Gentian, a brightly colored ornamental plant with large golden flowers, is perhaps best known for its bitter-tasting roots, which are used to flavor vermouth and Angostura bitters. Native to mountainous regions of central and southern Europe and western Asia, gentian is cultivated commercially in North America and Europe. Gentiana, the genus name, derives from Gentius (180–167 BCE), a king of ancient Illyria said to have discovered the herb’s medicinal values.
Common Names: Gentian, Yellow Gentian
Description: Herbaceous perennial, up to 6 feet tall; bright yellow, 2-inch flowers from axils of uppermost leaf pairs; smooth, oval leaves up to 6 inches across and 1 foot long
Hardiness: To Zone 5
Flowering: July and August
Parts Used: Roots
Range/Habitat: Native to the mountains of Europe and western Asia; cultivated in Europe and North America
Gentian’s bitter flavor is so strong that it is detectable even at dilutions of 1:20,000. The herb’s rhizomes and roots contain components that stimulate the production of saliva, bile, and gastric juices, thereby improving appetite and digestion. Gentian is the major ingredient in dozens of digestive bitters and tonics taken before eating a heavy meal, particularly one rich in fatty foods. It is also recommended as a treatment for anemia and as an appetite stimulant during periods of convalescence. Gentian is said to have anti-inflammatory properties, and herbalists consider it a tonic and energizer.
Caution: Gentian should not be used by those who have gastric or duodenal ulcers, irritation, or inflammation. Pregnant women and people with high blood pressure should also avoid this herb.
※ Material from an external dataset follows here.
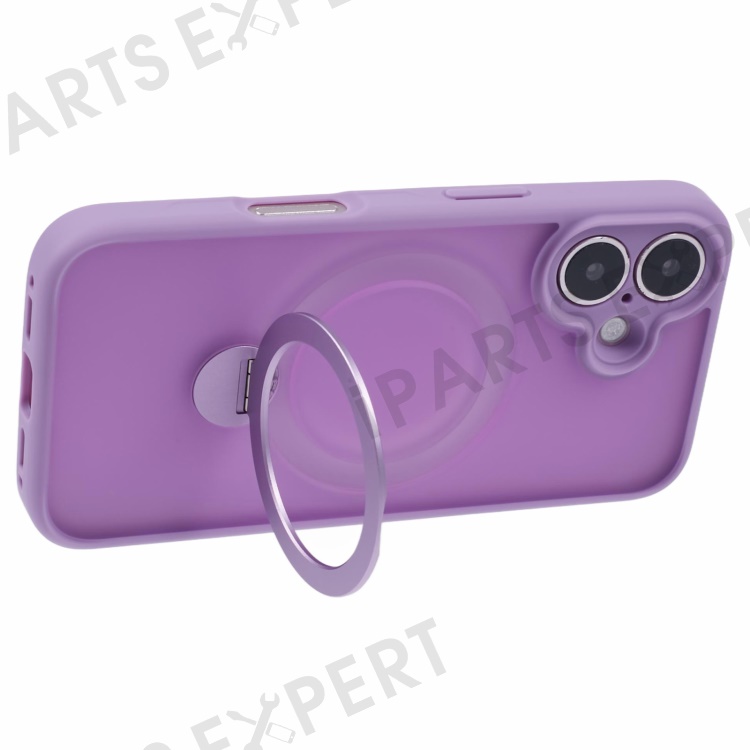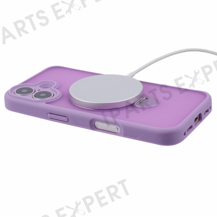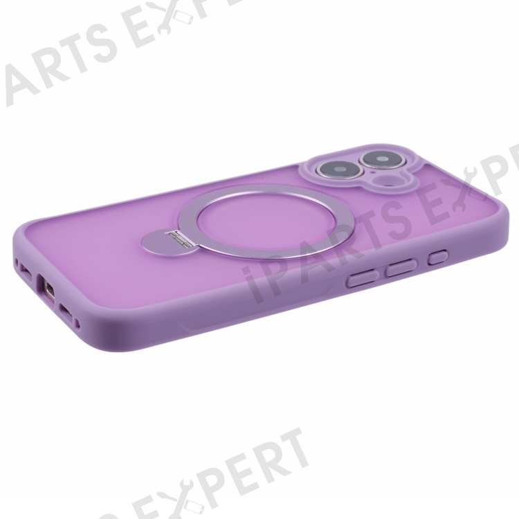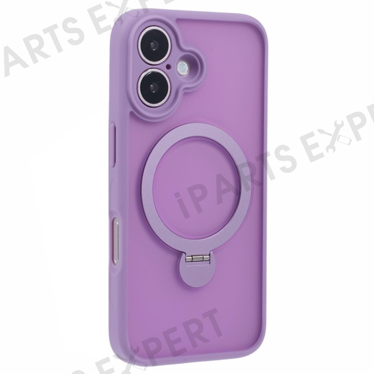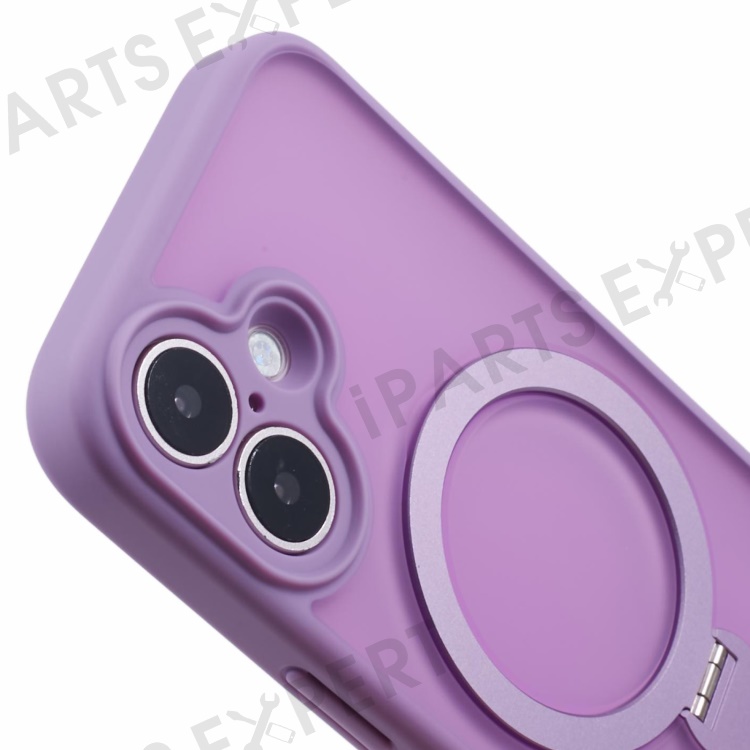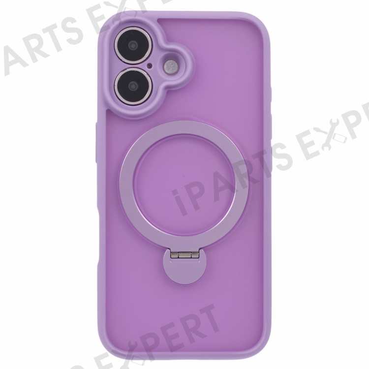 For iPhone 16 Case Compatible with MagSafe Matte TPU+PC Rotary Kickstand Phone Cover - Purple

Gentians of all kinds are valued for their beauty in rock gardens and informal wild gardens.
How to grow it
Gentian grows best in moist, rich soil with good drainage and bright light, although it will tolerate partial shade. Plant the seeds directly in your garden in fall, or plant crown divisions in spring. (When started from seed, gentian begins to flower in about 3 years.) If you garden in the colder parts of gentian’s range and receive little or no snow cover, protect the plants with a winter mulch of straw or evergreen boughs.
Gentian roots take as long as 10 years to reach maturity. The roots, which can be harvested in late summer or fall, must be cured by drying before they can be powdered and used. Good-quality roots are dark reddish brown, tough, and flexible, with a strong odor. They should taste sweet at first, then deeply bitter.